Mastectomy is the medical term for the surgical removal of one or both breasts. The procedure usually involves removing the whole breast, and often the nipple and lymph nodes. But while losing such a key part of womanhood is very challenging, it doesn’t have to mean the end of life as you know it.
The changes after breast cancer
Breast cancer survivors can have a range of responses after having a mastectomy, explains Professor Jane Ussher from the University of Western Sydney, who has done extensive research into sexuality and intimacy after cancer treatment.
“Some women accept the changes well and focus on their health,” she explains. “Having faced mortality, they put life in perspective. However, some women feel ugly or deformed, and worry they won’t be attractive any more.”
While losing a breast – or both – can be devastating, it’s not the only factor impacting on a woman’s femininity and sexuality.
Side effects of masectomy
“In terms of our research, what we’ve found is that it isn’t just the mastectomy that has an effect on women,” says Professor Ussher. “There are a number of changes that happen [after breast cancer treatment] in terms of the sexual body including vaginal dryness, hot flushes and a change in libido.” Vaginal moisturizers and lubricants can be helpful, as can hormone treatments and therapy. Communicating with your partner and taking things slowly is also very important.
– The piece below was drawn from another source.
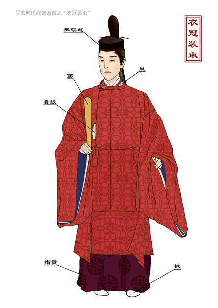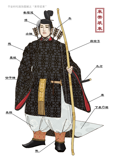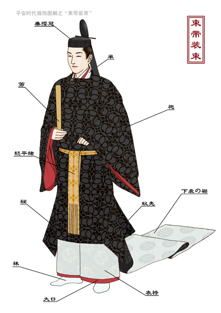 所謂“束帶裝束”,就是指在朝廷的公事和儀式時以及上朝覲見的時候所穿著的裝束。“束帶裝束”一開始只是用於祭祀儀式上,後來朝廷中有權勢的公卿卻在上朝的時候仍然堅持要穿著, 後來逐漸發展成為朝服了。“束帶裝束”大致為:頭戴“冠”(而冠也因文、武官而異;文官戴“垂纓冠”,武官戴“卷纓冠”,並在臉頰兩側戴有耳飾品)著“袍”(所謂“袍”,就是指上衣部分,“袍”的顏色根據職位的高低有不同的規定,大致為:“帝”穿的“袍”顏色為“黃櫨染”和“麴塵”官居一位者,著“深紫色袍”;四位以上為“黑袍”,五位“蘇芳袍”,六位“縹袍”),“半臂”(一種無袖衣服) 、“下襲”、“單”,“小袖”(內衣),並且腰間配“魚袋” (入宮憑證,公卿為金魚袋,殿上人為銀魚袋)和“太刀”(單韌為刀,雙韌為劍);文官手持“笏”(古代官員上朝的時候手裡拿的狹長的板子,用玉,象牙或者竹製作而成;和中國古代的“笏”用來做上朝時候的政事記錄作用不同,日本的“笏”不是用來記錄政事的,而是為了體現威儀而存在的裝飾品)武官手持長弓,背“矢”(古代對“箭”的稱呼)腰間束被稱為“石帶”的腰帶(帶子的部分附有玉或石頭的裝飾品),穿“表袴”(一種穿在最外面的褲子,一般表為白,里為赤),“大口”(穿在“表袴”下面的褲子,因為一般為紅色,所以也叫“赤大口”)“下襲”(“下襲”的顏色按照季節有所不同,冬天為“躑躅”、“桜”、 “搔練”“蘇芳”;夏天為“二藍”以及“白”)“長裾” 拖地(“裾”部分拖在地上的長度從最短的50厘米到最長的可達5米;“束帶“的樣子可以參照野村萬齋主演的電影版本《陰陽師Ⅰ》裡晴明殺蝶那段裡朝臣們穿的服裝樣式)足上穿“襪”(現在的日本人穿和服時套在腳上的“足袋”是分開大腳趾和其他腳趾的,而“襪”不分腳趾,並且一般為白色布料製作而成),並且穿“沓”(一種鞋子,一般為皮革和木頭製作而成)的裝束。

So how can women equip themselves to deal with the changes and make the most of life post-cancer? “Breast cancer nurses provide incredibly good counseling in terms of changes in the body and sexuality,” explains Professor Ussher. “Many hospitals also have psychologists who provide good support, and cancer support groups can also be very effective. Women need to grieve the loss of their breast and find new ways of feeling sexual; it’s about redefining yourself as a woman.”
The support of a partner is also vital, says Professor Ussher, because when a woman feels accepted she can be much more positive about the changes. It’s also important for her to feel she can grieve. “Women can be very sad and depressed about the changes, and partners need to accept that,” she explains.